Когда шла война, три ранения, и особенно последнее, тяжелое, давали о себе знать. Но не такое тогда было время, чтобы прислушиваться к недомоганиям, болям.

Окончилась война, но разве меньше стало забот, дел, обязанностей? Болеть и теперь не было времени. Правда, на очередных диспансеризациях врачи озабоченно выслушивали его, делали снимки грудной клетки, изучали кардиограммы: беспокоило легкое, разорванное осколком снаряда. Нашли и одну, как он считал, штатскую болезнь, порой сильно досаждавшую, — радикулит. Болела поясница, все трудней было скакать на лошади — заниматься любимым видом отдыха и спорта.

Или это уже старость?

Когда маршал начал сдавать, врачи произвели самый тщательный осмотр, рентген пробрался во все уголки его стареющего тела и снова натолкнулся в глубине костей таза на осколок снаряда. На тот самый, что почти тридцать лет, притаившись, находился в теле маршала, чтобы в конце концов снова заявить о себе...

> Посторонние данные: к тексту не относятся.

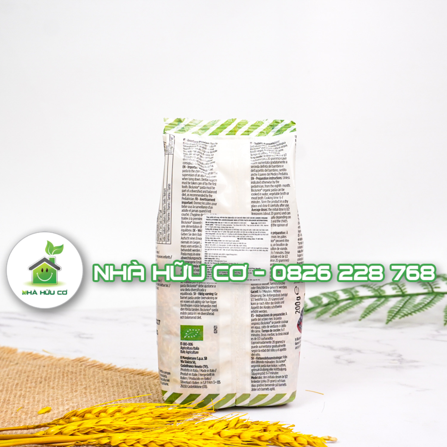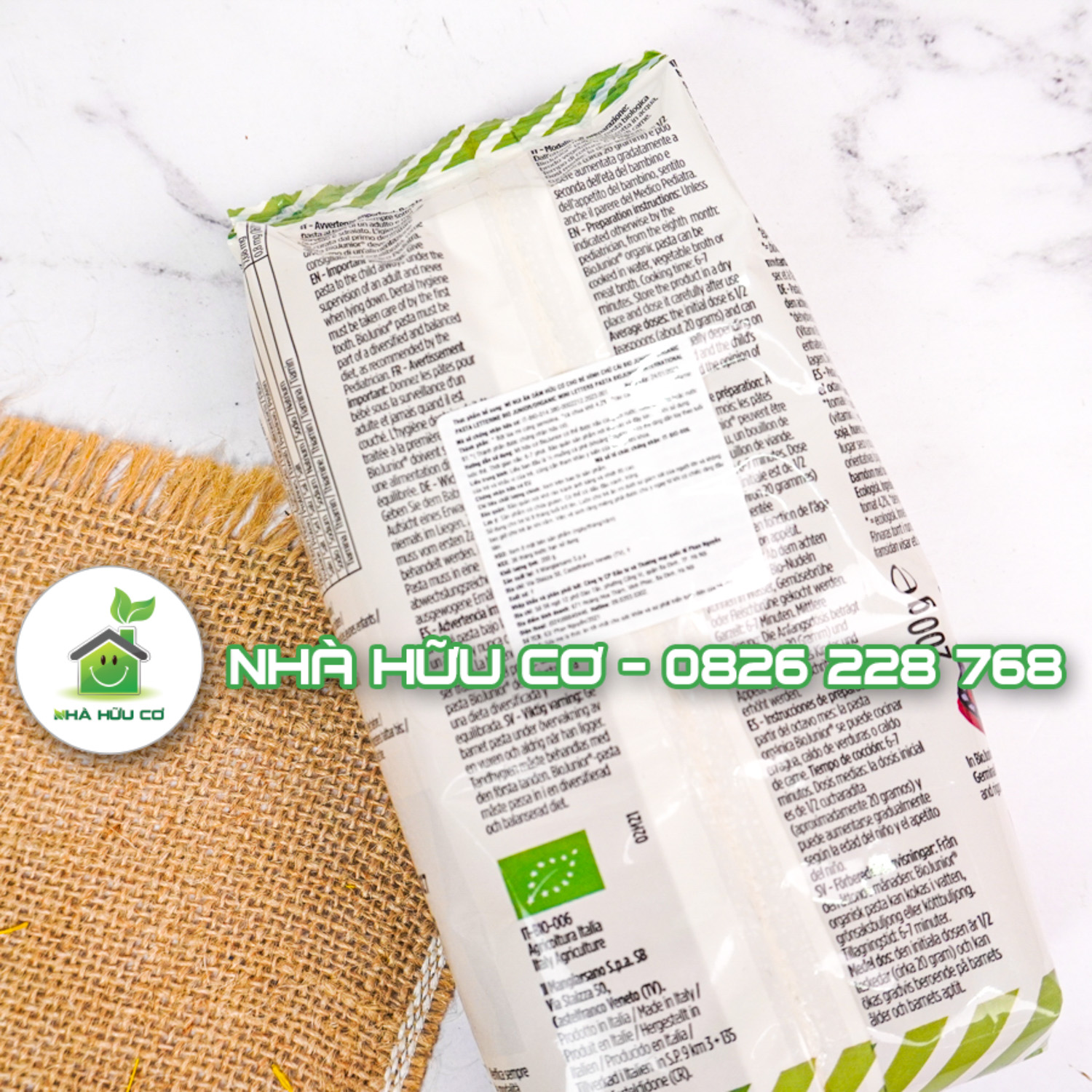 Thành phần: *Bột lúa mì cứng semolina, *cà chua khô 4,2%, *rau cải bó xôi khô 1,9%, vitamin B1. *Thành phần hữu cơ

Когда тебе уже семьдесят лет, когда жизнь в основном уже позади, можно спокойно и трезво взвесить и оценить прошлое. Рокоссовскому незачем было перед самим собой скромничать, прибедняться. Он знал, что сделал в жизни немало. Служил верно Родине и партии, с оружием в руках защищал советскую землю. Одним словом, сделал все, что мог. Совесть была чиста.

Но почему странное чувство незавершенности все чаще и чаще тревожит его? Редеют ряды соратников, боевых друзей, ветеранов гражданской и Великой Отечественной войн. Старые раны и груз лет, заполненных ратными трудами, косят их.

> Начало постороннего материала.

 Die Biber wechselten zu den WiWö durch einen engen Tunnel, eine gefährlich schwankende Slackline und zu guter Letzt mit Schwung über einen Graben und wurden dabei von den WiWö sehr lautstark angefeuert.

В бессонные ночи вспоминался весь жизненный путь — от тех августовских дней четырнадцатого года, когда по команде «По коням!» он молодцевато вскакивал на коня в драгунском полку, и до завершающих битв Великой Отечественной войны...

Можно ли не написать об этом?

Так появилось желание — нет, потребность! — рассказать о самом главном в своей жизни, поделиться своими мыслями, опытом.

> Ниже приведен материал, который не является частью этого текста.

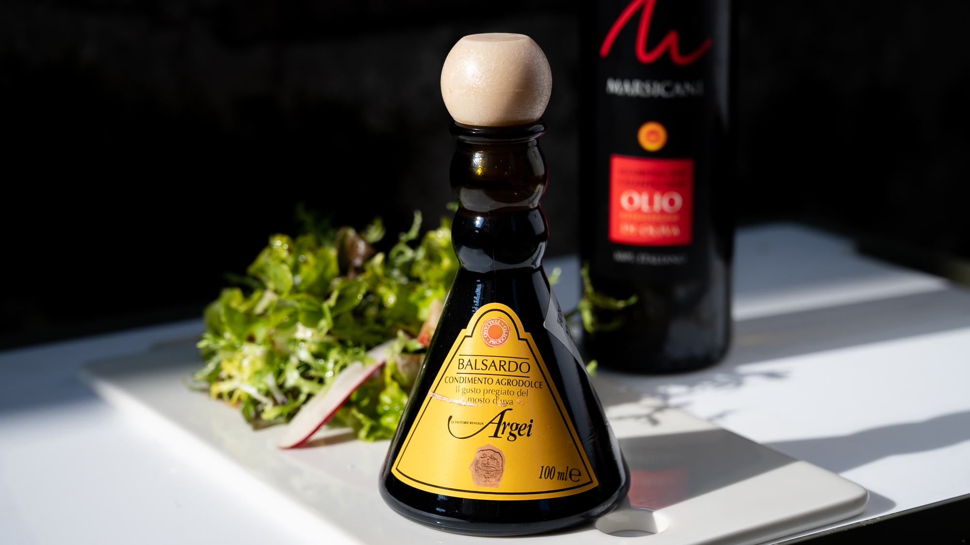 Balsardo葡萄香醋,来源于天然的葡萄酒醋和加热熬制的浓缩葡萄果汁。两者在木桶中经过自然发酵数年,陈年后,得到酸甜可口,果味芬芳的葡萄香醋。
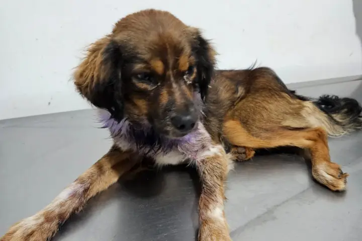 O cachorro foi encontrado em condições de extrema fragilidade: ele possuía um ferimento no pescoço, estava muito magro e tinha dificuldades para andar.

Хватит ли сил для такого труда? Труда непривычного, нового — за письменным столом. Должно хватить. Хватит!

Старый, больной, израненный человек взялся за труд тяжелый и изнурительный: начал писать книгу.

Днем — служба, полный рабочий день. Совещания, заседания, конференции, учения, инспекции. А по вечерам до глубокой ночи и в воскресенья и праздничные дни с утра до вечера он сидел за письменным столом. Силой памяти воскрешал события военных лет, высокий и яростный их накал. Вновь вставали перед ним друзья и товарищи, начальники и подчиненные, живые и мертвые.

В ночном кабинете, освещенном настольной лампой, он снова переживал тревоги, удары, обиды и радости всей жизни. Теперь многое стало ясней. Понятней становились детали, подробности, отдельные факты.

Но основное, главное, решающее в жизни всегда было ему ясно и понятно: и в первый день войны, и в октябре сорок первого, и под Сталинградом, и на Курской дуге, и на Одере.

Это главное — вера в нашу победу, в великую правоту нашего дела, в несокрушимую силу нашего оружия. О чем бы он ни писал, вспоминая прожитые годы, вера в нашу победу неизменно озаряла каждый факт, каждое его слово.

Но память человека имеет границы. Сколько миллиардов нервных клеток надо, чтобы сохранить в первоначальной ясности все детали и подробности минувших боев, все названия населенных пунктов, все имена и образы боевых соратников, однополчан?..

Тогда на помощь памяти приходят архивы, документы, записи... Но разве могут они, даже самые обстоятельные и достоверные, заменить живое слово очевидцев и участников?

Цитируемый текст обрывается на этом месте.